### What you need to do
Exactly as they stand, repeat the lines from the one containing "米歌9412塑料专用胶水PPT PC TPE" through the final line of the listing, both ends included, and nothing else; skip the pictures.

### Collected data
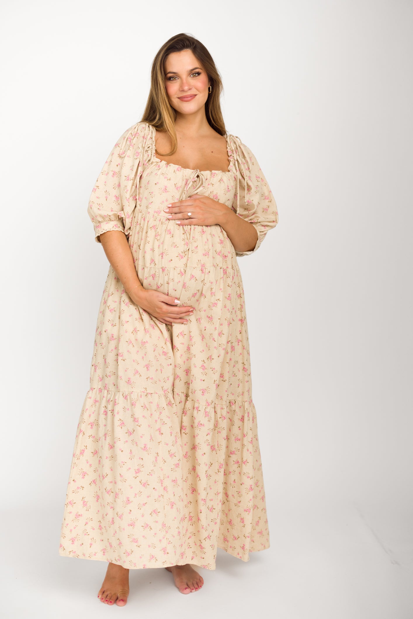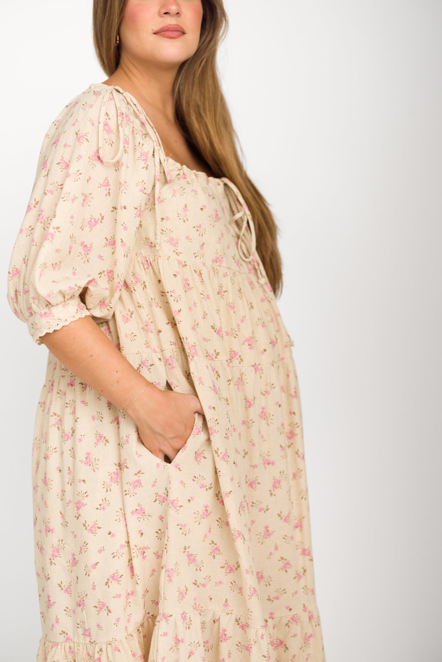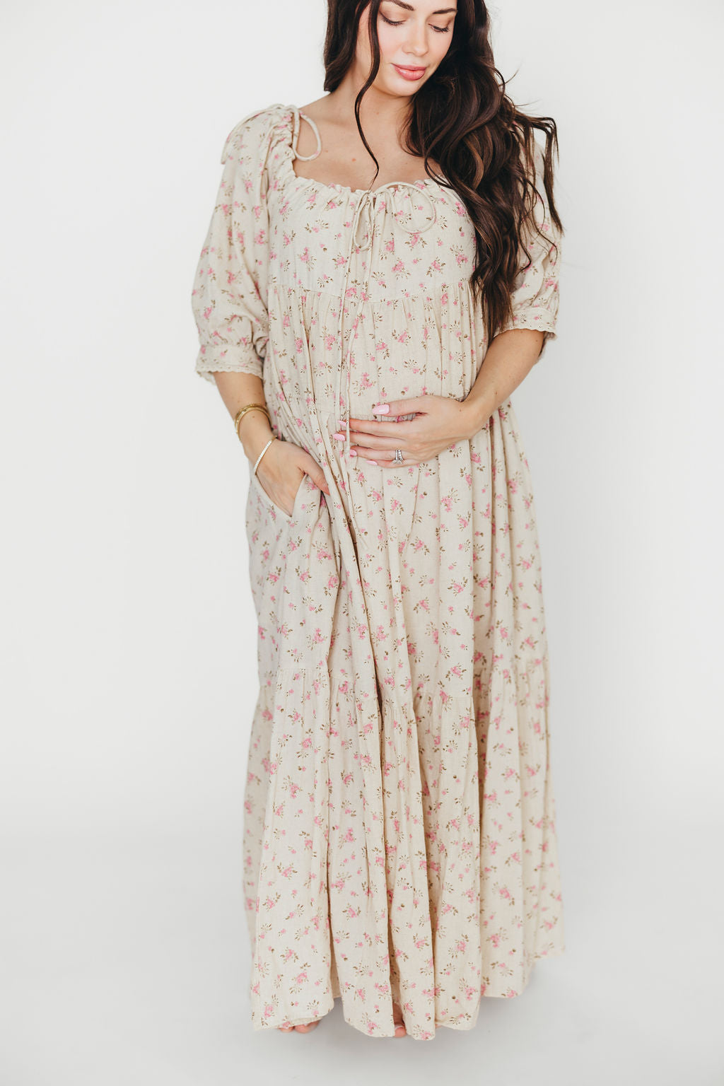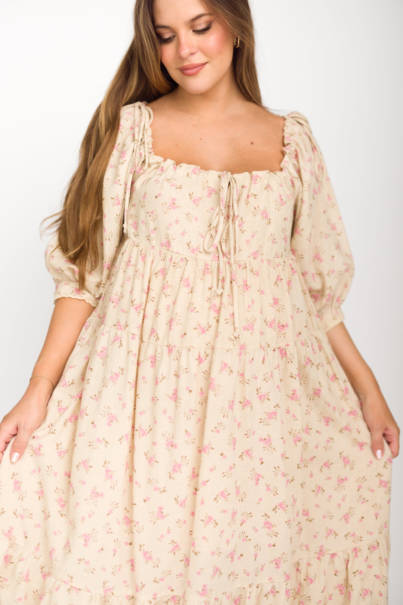 Cara 100% Cotton Maxi Dress in Pink/Brown Floral *Final-Sale*
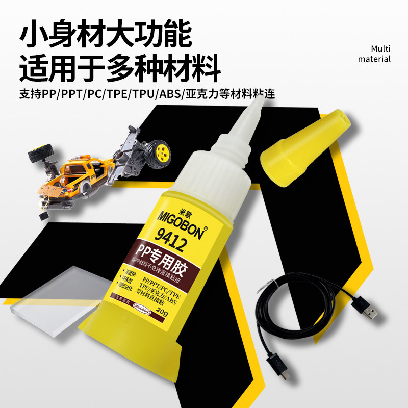 米歌9412塑料专用胶水PPT PC TPE TPU ABS 亚克力环保强力瞬间胶粘手办模型汽车保险杠修复修补多功能粘合剂
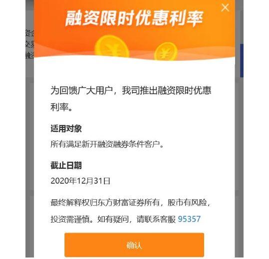 记者梳理发现,确实有个别券商对两融客户进行了限时优惠。比如东方财富证券官网显示,即日起至2020年12月31日,对所有满足新开融资融券条件客户实施融资限时优惠利率,低至6.99%。
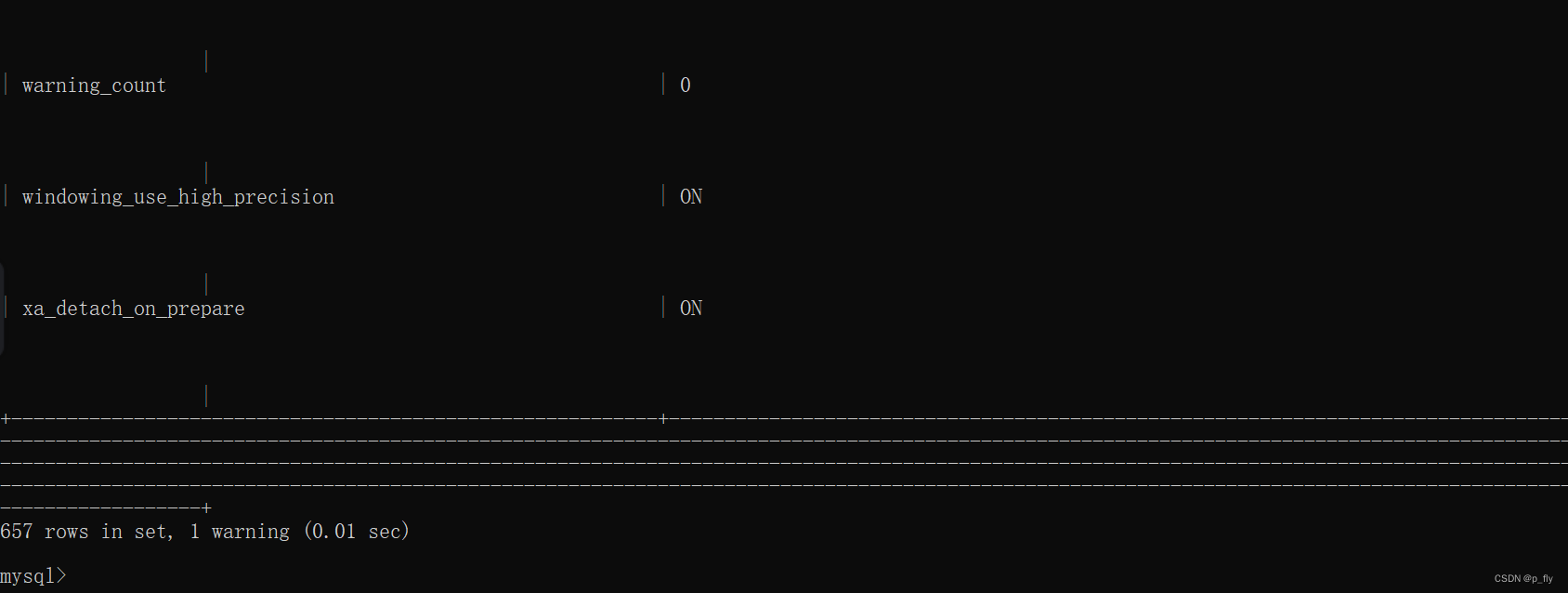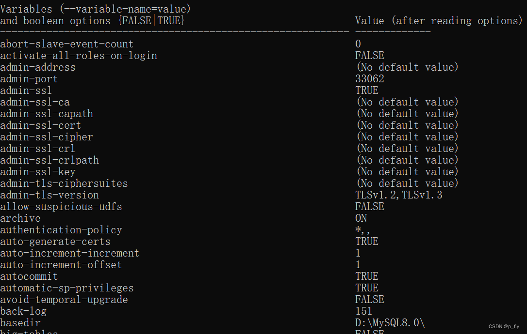 使用该命令,会把mysqld的选项和系统变量列出来。一般不使用这个命令,因为它把选项和系统变量都输出了,我们可以在官网查看这些选项。

### Response to the task
 米歌9412塑料专用胶水PPT PC TPE TPU ABS 亚克力环保强力瞬间胶粘手办模型汽车保险杠修复修补多功能粘合剂
 记者梳理发现,确实有个别券商对两融客户进行了限时优惠。比如东方财富证券官网显示,即日起至2020年12月31日,对所有满足新开融资融券条件客户实施融资限时优惠利率,低至6.99%。
 使用该命令,会把mysqld的选项和系统变量列出来。一般不使用这个命令,因为它把选项和系统变量都输出了,我们可以在官网查看这些选项。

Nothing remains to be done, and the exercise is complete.